TO DO:
The whole listing should be retyped word for word, apart from the pictures it holds.

PROVIDED RECORDS:

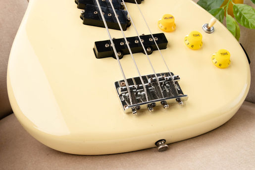 This JPJ-3 keeps the original magnificent pick-ups and features a Freeway switch that has 2 banks of 3; and a further option for 3 more tones. The toggle has a left and right movement too. Point it towards the headstock and the upper position gives you the traditional Precision pickup. In the middle we have an alternative Precision tone where the two outer-most pick-ups deliver a slightly wider more open tone - still punchy, but more mellow. In the lower position we have the bridge pick-up like a Jazz bass. Move the toggle towards the bridge and in the upper position we have both precision pick-ups in series - shoulder barging a Music Man or similar big pole humbucker out of the way. The sound is as huge as you'd expect. In the middle we have both Precision pick-ups in parallel which offers a calmer very mellow open tone. In the lower position we have the alternative Precision pick-up and the bridge pick-up in series to provide a huge growl. There's more: if you pull up the volume control, the phase of the alternative Precision pick-up is reversed and the series options suddenly take you into new territory. Unless you are rocking a mega-bucks Alembic, Phase reversal on basses gives a very empty 'clacky' sound that can easily get lost in the mix. Not so here, Stevie Wonder's Superstition no longer needs a keys player. There is more variety to chase with the tone controls as they alter the phase relationship without affecting the volume.
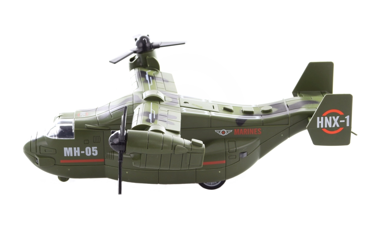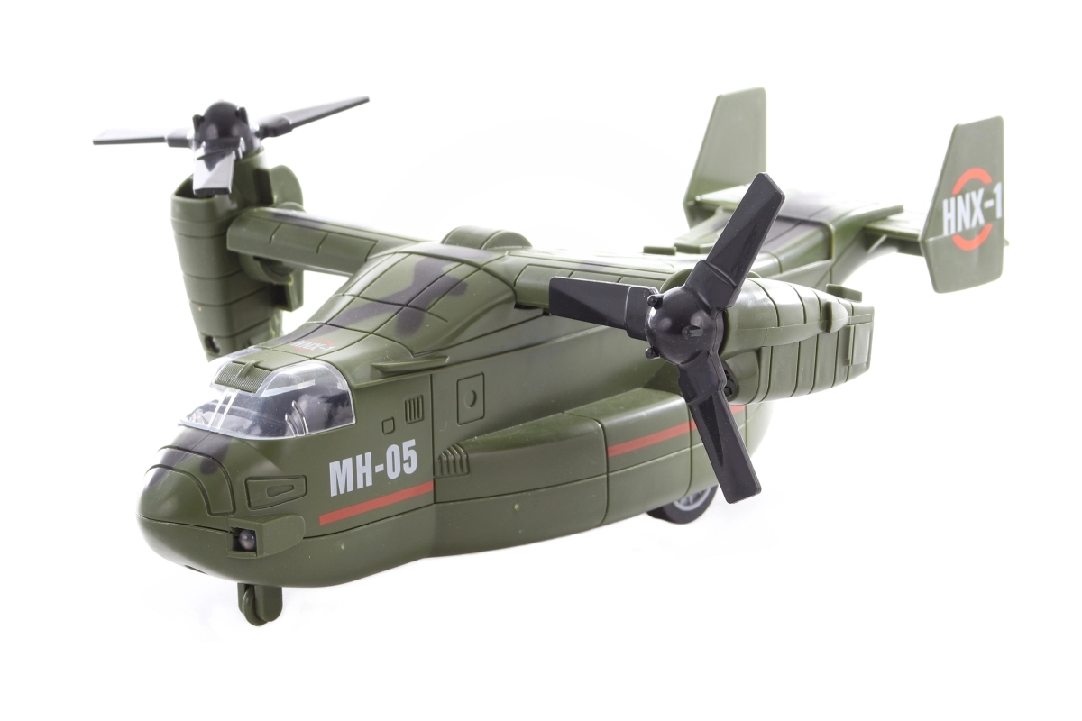 Este avión militar de plástico es una elección perfecta para los niños que adoran la tecnología militar y las historias llenas de acción. Al pulsar los botones se activan efectos de sonido y de luz, que estimulan la imaginación y sumergen a los niños en el juego. Gracias a su diseño resistente, es adecuado para el uso diario.
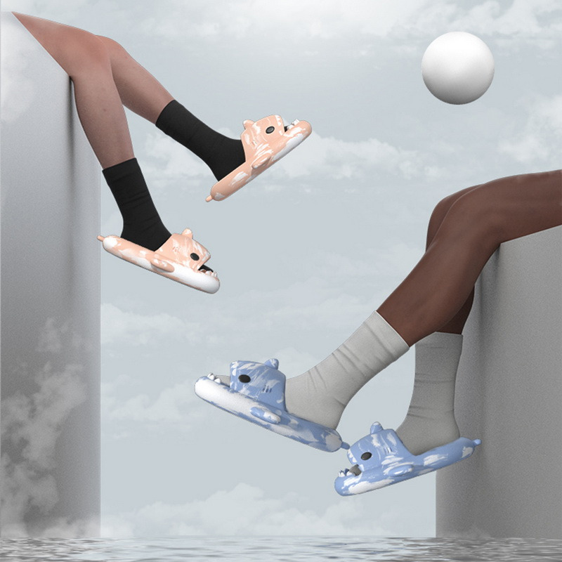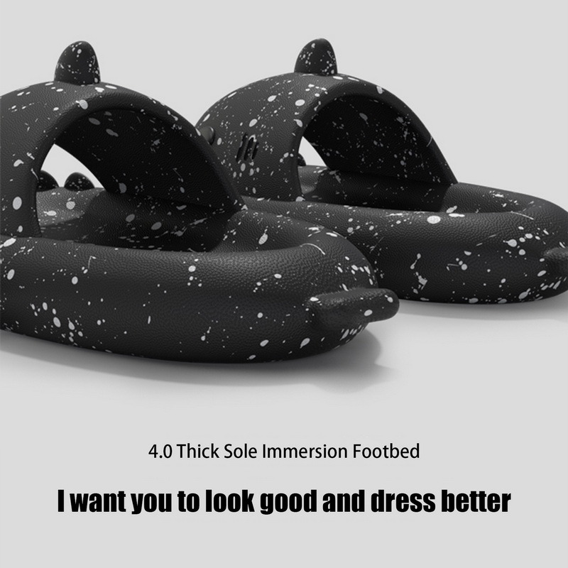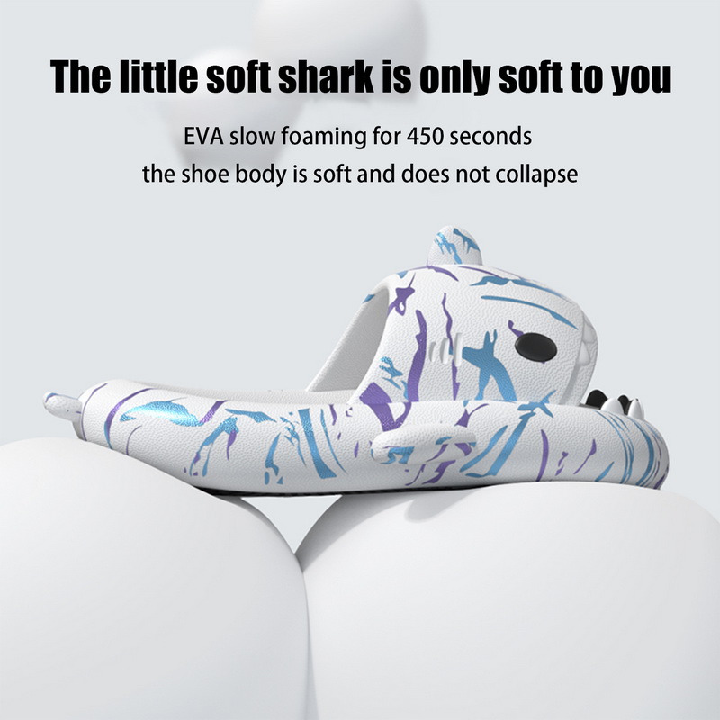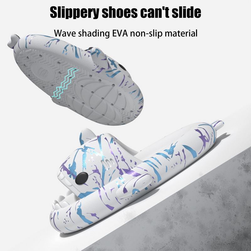 【Мягкий и удобный 】: 4 см Толстая подошва, милый дизайн с рисунком, уникальный дизайн с открытым носком, пусть рот акулы открывается и закрывается при ходьбе, новый и интересный. Разработан с вогнутой подошвой, которая защищает ваши пальцы от ударов ног стола или порогов двери.
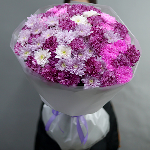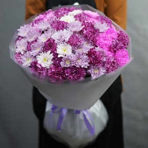 Букет "Лавандовый пунш" из кустовых хризантем и диантусов
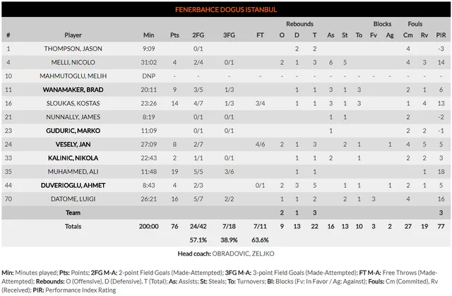 Pocos triples se han tirado en el partido, y menos se han intentado. Sorprendente. Con unas defensas muy cerradas, el tiro lejano no ha sido una opción. Y esto ha condicionado los ataques. El Zalgiris no ha anotado su primera canasta de 3 puntos hasta el último cuarto, para solo 2 canastas de 3 al término del choque (las 2 en el tercer cuarto) después de 10 lanzamientos. El Fenerbahçe tampoco se ha prodigado demasiado más allá del arco con 7 triples anotados de 18 intentos.
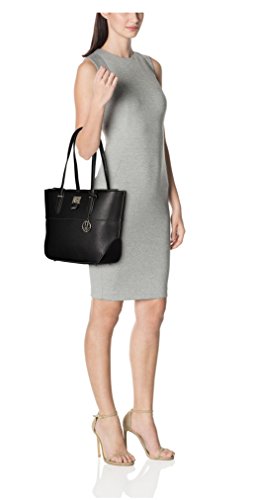 New tote with color block details and full top zipper and full slip pocket for easy access, interior organization

WRITTEN SOLUTION:
 This JPJ-3 keeps the original magnificent pick-ups and features a Freeway switch that has 2 banks of 3; and a further option for 3 more tones. The toggle has a left and right movement too. Point it towards the headstock and the upper position gives you the traditional Precision pickup. In the middle we have an alternative Precision tone where the two outer-most pick-ups deliver a slightly wider more open tone - still punchy, but more mellow. In the lower position we have the bridge pick-up like a Jazz bass. Move the toggle towards the bridge and in the upper position we have both precision pick-ups in series - shoulder barging a Music Man or similar big pole humbucker out of the way. The sound is as huge as you'd expect. In the middle we have both Precision pick-ups in parallel which offers a calmer very mellow open tone. In the lower position we have the alternative Precision pick-up and the bridge pick-up in series to provide a huge growl. There's more: if you pull up the volume control, the phase of the alternative Precision pick-up is reversed and the series options suddenly take you into new territory. Unless you are rocking a mega-bucks Alembic, Phase reversal on basses gives a very empty 'clacky' sound that can easily get lost in the mix. Not so here, Stevie Wonder's Superstition no longer needs a keys player. There is more variety to chase with the tone controls as they alter the phase relationship without affecting the volume.
 Este avión militar de plástico es una elección perfecta para los niños que adoran la tecnología militar y las historias llenas de acción. Al pulsar los botones se activan efectos de sonido y de luz, que estimulan la imaginación y sumergen a los niños en el juego. Gracias a su diseño resistente, es adecuado para el uso diario.
 【Мягкий и удобный 】: 4 см Толстая подошва, милый дизайн с рисунком, уникальный дизайн с открытым носком, пусть рот акулы открывается и закрывается при ходьбе, новый и интересный. Разработан с вогнутой подошвой, которая защищает ваши пальцы от ударов ног стола или порогов двери.
 Букет "Лавандовый пунш" из кустовых хризантем и диантусов
 Pocos triples se han tirado en el partido, y menos se han intentado. Sorprendente. Con unas defensas muy cerradas, el tiro lejano no ha sido una opción. Y esto ha condicionado los ataques. El Zalgiris no ha anotado su primera canasta de 3 puntos hasta el último cuarto, para solo 2 canastas de 3 al término del choque (las 2 en el tercer cuarto) después de 10 lanzamientos. El Fenerbahçe tampoco se ha prodigado demasiado más allá del arco con 7 triples anotados de 18 intentos.
 New tote with color block details and full top zipper and full slip pocket for easy access, interior organization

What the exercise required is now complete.